- Native name: Delitto di Avetrana
- Location: 40°20′35.77″N 17°43′42.13″E﻿ / ﻿40.3432694°N 17.7283694°E 22 Via Grazia Deledda, Avetrana, Italy
- Date: 26 August 2010 2:00-2:20 pm approx.
- Attack type: Strangulation
- Weapon: Belt (not found)
- Deaths: 1
- Victim: Sarah Scazzi
- Motive: Resentment and jealousy towards the victim
- Verdict: Guilty
- Convicted: Sabrina Misseri (voluntary homicide with premeditation); Cosima Serrano (complicity in murder and kidnapping); Michele Misseri (suppression of corpse and tampering with evidence);

= Murder of Sarah Scazzi =

2010 murder in Italy

The murder of Sarah Scazzi, also known as the Delitto di Avetrana (English: Avetrana crime or Avetrana murder) was a murder which occurred on 26 August 2010, in Avetrana, in the province of Taranto, Italy. Fifteen-year-old Sarah Scazzi was strangled by her cousin Sabrina Misseri and her aunt Cosima Serrano, who then hid the body together with her father Michele Misseri, staging a kidnapping by a third party. The story had significant media coverage in Italy. It culminated with the announcement of the discovery of the victim's body live on the Rai programme Chi l'ha visto? where Sarah's mother, Concetta Serrano Spagnolo, was a special guest.

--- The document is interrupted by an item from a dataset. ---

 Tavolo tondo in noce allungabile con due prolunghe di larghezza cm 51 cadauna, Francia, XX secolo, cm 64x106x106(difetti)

On 21 February 2017, the Supreme Court of Cassation found Sabrina Misseri and Cosima Serrano, respectively the victim's cousin and aunt, guilty and sentenced them to life imprisonment for complicity in voluntary homicide aggravated by premeditation, confirming the sentence already handed down in the first instance and on appeal by the Corte d'Assise of Taranto. Michele Misseri, Sabrina's father and Cosima's husband, was sentenced to 8 years of imprisonment for suppression of a corpse and tampering with evidence (the theft of Sarah's cell phone); Carmine Misseri, Michele's brother, was sentenced to 4 years and 11 months of imprisonment for complicity in concealment of a corpse. Finally, the Court of Cassation confirmed the sentence of one year and four months for personal aiding and abetting for Vito Russo Jr., Sabrina's former lawyer, and Giuseppe Nigro.

== Disappearance ==

Map of the province of Taranto (Avetrana highlighted)

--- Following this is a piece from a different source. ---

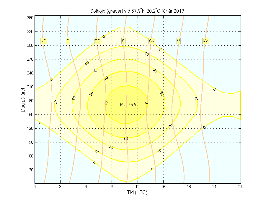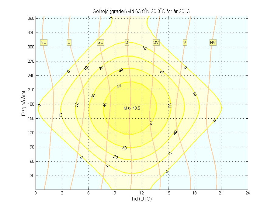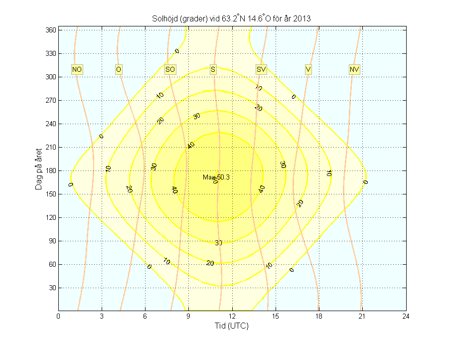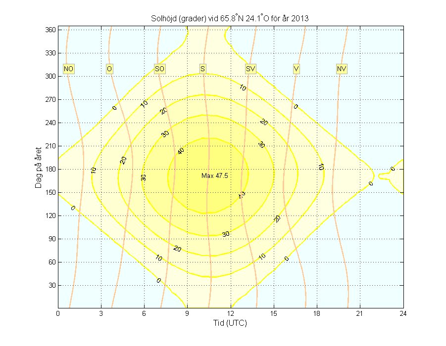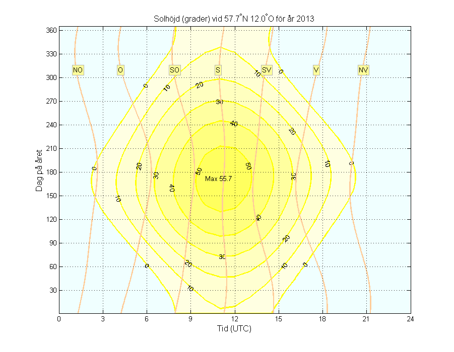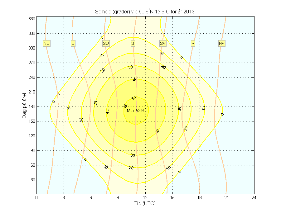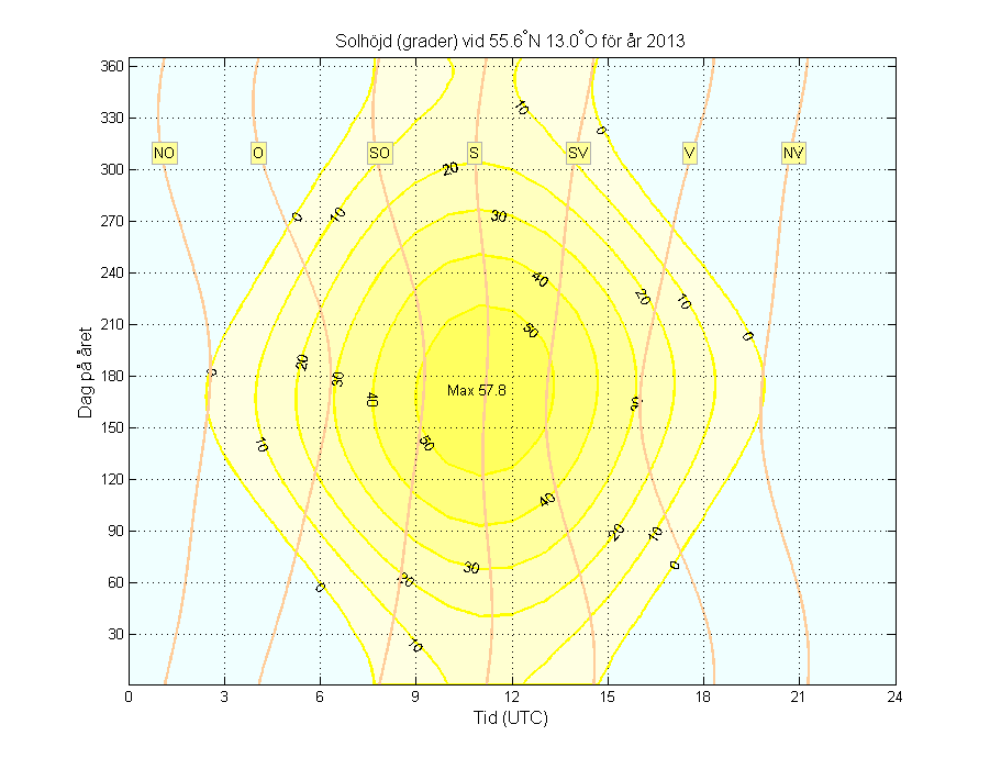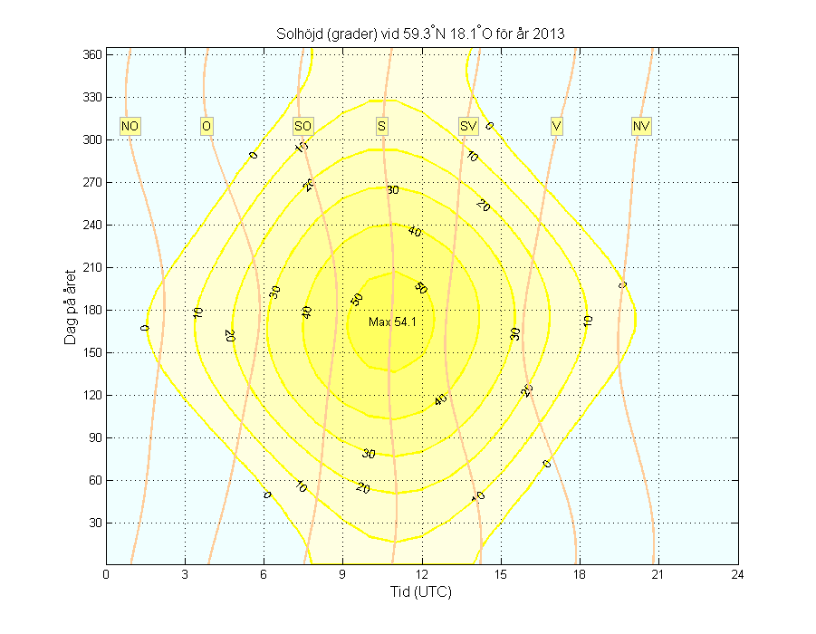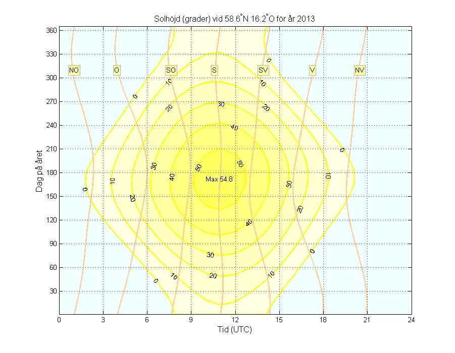 Förstora bildenSolbanediagram för Norrköping (58,6˚N 16,2˚O) där solhöjden visas som konturer, dag på året visas på y-axeln, tid (UTC) visas på x-axeln och väderstrecken är de något böjda orangea linjerna.

On 26 August 2010, the disappearance of fifteen-year-old Sarah Scazzi (born in Busto Arsizio on 4 April 1995), a student about to begin her second year of hotel management school, was reported by her mother. The girl had left home around 2:30 pm to reach the home of her cousin Sabrina Misseri (born in Taranto on 10 February 1988), a few hundred metres away, intending to visit the seaside with her and another friend.

The disappearance received immediate media coverage. From the beginning, the media's attention focused on Sarah's private life, analysing her habits, her secret diary and her Facebook profile, looking for possible reasons that could have led her to run away from home. She was portrayed by the media as a restless teenager, who engaged with boys much older than her on the web and was capable of planning her disappearance to become famous and escape from a small town where she was bored and felt oppressed by a mother with whom she frequently argued. Friends and relatives, however, including her cousin Sabrina, denied this image and continued to support the theory of kidnapping, despite the modest economic conditions of the family.

Initially, the Carabinieri investigations were oriented towards the girl's escape or a kidnapping by a man who had lured Sarah on Facebook. The search continued throughout September, with growing media interest seeing the mother and her family, in particular her cousin Sabrina, hosted by television programmes to launch appeals for Sarah's return home.

On 17 September 2010, Sarah's maternal grandfather, Cosimo Serrano died at the age of 89. His carer Maria Pantir decided to return to Romania, claiming she had nothing to do with the disappearance of the girl. She returned to Italy on October 6.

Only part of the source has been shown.